The source code for the Py interpreter is in the ~cs61a/lib/python_modules/py/ directory. Run this command to copy it to a local directory (don't forget the period at the end):

cp -r ~cs61a/lib/python_modules/py/ .

For you first task, go ahead and try to find where the following items are located in the code. If you can, check the answers off with your TA. Note that if there are several locations where the functionality for a given item is defined, try to find them all.

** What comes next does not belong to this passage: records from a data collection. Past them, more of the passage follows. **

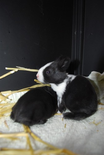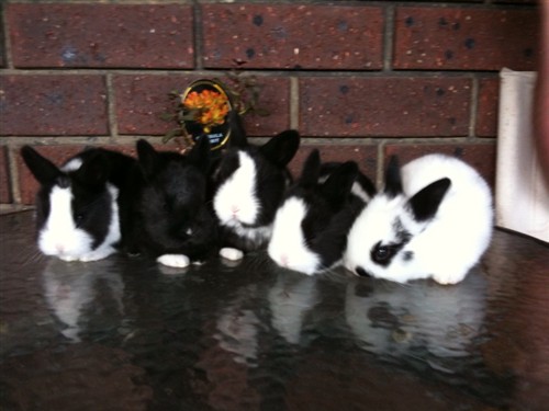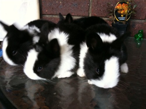 The one in the middle of the picture has exactly the same markings as Mr. Bunny. Even the spot on his nose. And there is one that is all black, with a white nose. so sweet.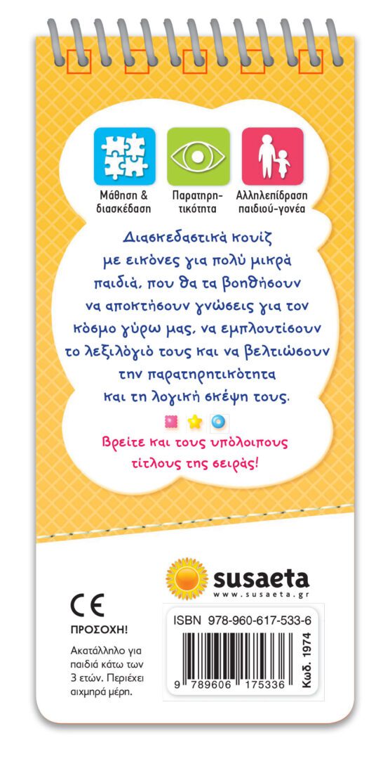 Διασκεδαστικά κουίζ µε εικόνες για πολύ µικρά παιδιά, που θα τα βοηθήσουν να αποκτήσουν γνώσεις για τον κόσµο γύρω µας, να εµπλουτίσουν το λεξιλόγιό τους και να βελτιώσουν την παρατηρητικότητα και τη λογική σκέψη τους. Διασκεδαστικά κουίζ µε εικόνες για πολύ µικρά παιδιά, που θα τα βοηθήσουν να αποκτήσουν γνώσεις για τον κόσµο γύρω µας, να εµπλουτίσουν το λεξιλόγιό τους και να βελτιώσουν την παρατηρητικότητα και τη λογική σκέψη τους.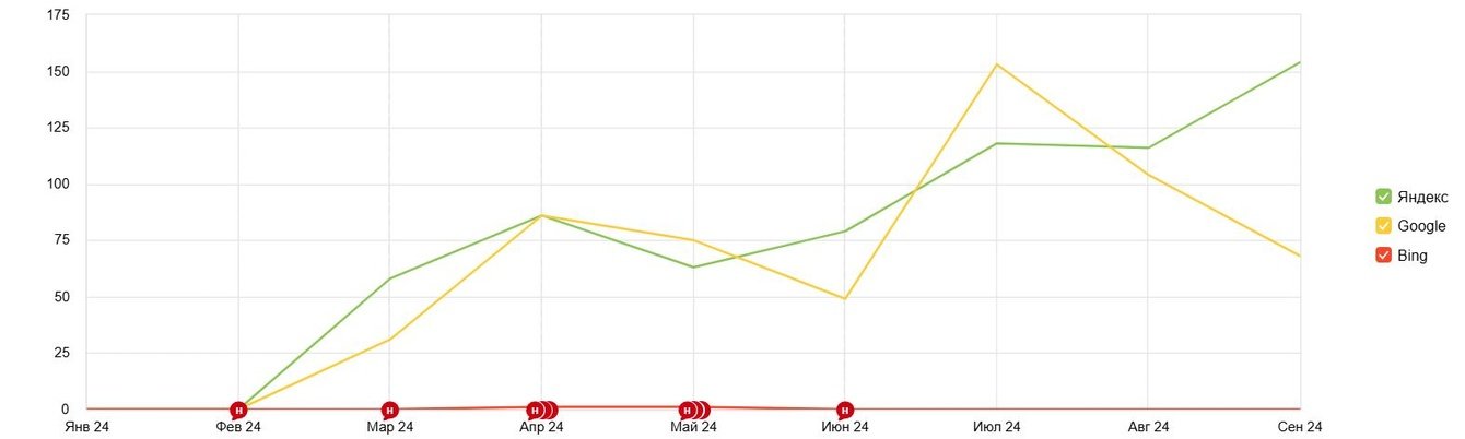Проведя анализ конкурентов, стало очевидно что наш сайт недополучает существенное количество трафика. Так же важно было понять что именно даёт конкурентам такой буст по позициям и трафику.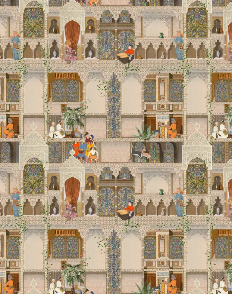 Illustrating the ornamental beauty of Arabic citadels and fortresses, THE KASBAH print is filled with intricate depictions of architectural motifs and decorative stained-glass windows. Residents gather to create music as the sound of traditional instruments echo exquisitely across the courtyards of these magical buildings. Bursts of color from architectural details and flamboyant dress complement the natural hues of the walls and columns resulting in a balanced ambience which radiates into the home.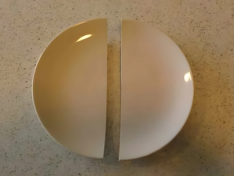 Was geschah: Ein Teller zerbrach perfekt in zwei HälftenWo: Unbekannt

  1. A built-in (primitive) function
  2. An if statement
  3. How to parse a lambda expression

Now that you've gotten used to how the Py interpreter is formatted, it's time to modify it! We're going to add basic Exception handling to the interpreter; nothing fancy like what Python has, but just simple exceptions. They should behave as follows:

        Py> def func():
        ...     x = 3
        ...     raise x
        ... 
        Py> func()
        ERROR: 3
    

The raise statement takes another expression as an argument, and throws a basic exception up the stack with the value of that argument. That exception will get caught by the REPL (read eval print loop) that runs the interpreter in Python. Some suggested steps to implementing this include:

  1. Adding a new keyword to the language
  2. Making sure the language can parse the raise statement correctly
  3. Adding a new statement type
  4. OPTIONAL: Adding a PyException class that is the subclass of any exception a program run in the Py interpreter can throw. If you don't want to do this, you can instead have your raise expression throw a BaseException

Note: If this is taking forever, and you get stuck and don't know what to do next, ask for help! If you want to move on, then at least be sure that you have a general idea of where you would define the new behaviors for the raise expression in the code, if you're having trouble coming up with the exact code to complete this problem.

Streams

This week, we'll be exploring methods of creating sequences of values incrementally, using three different constructs. We first start with streams which we saw today in lecture, and then we will introduce iterators and generators.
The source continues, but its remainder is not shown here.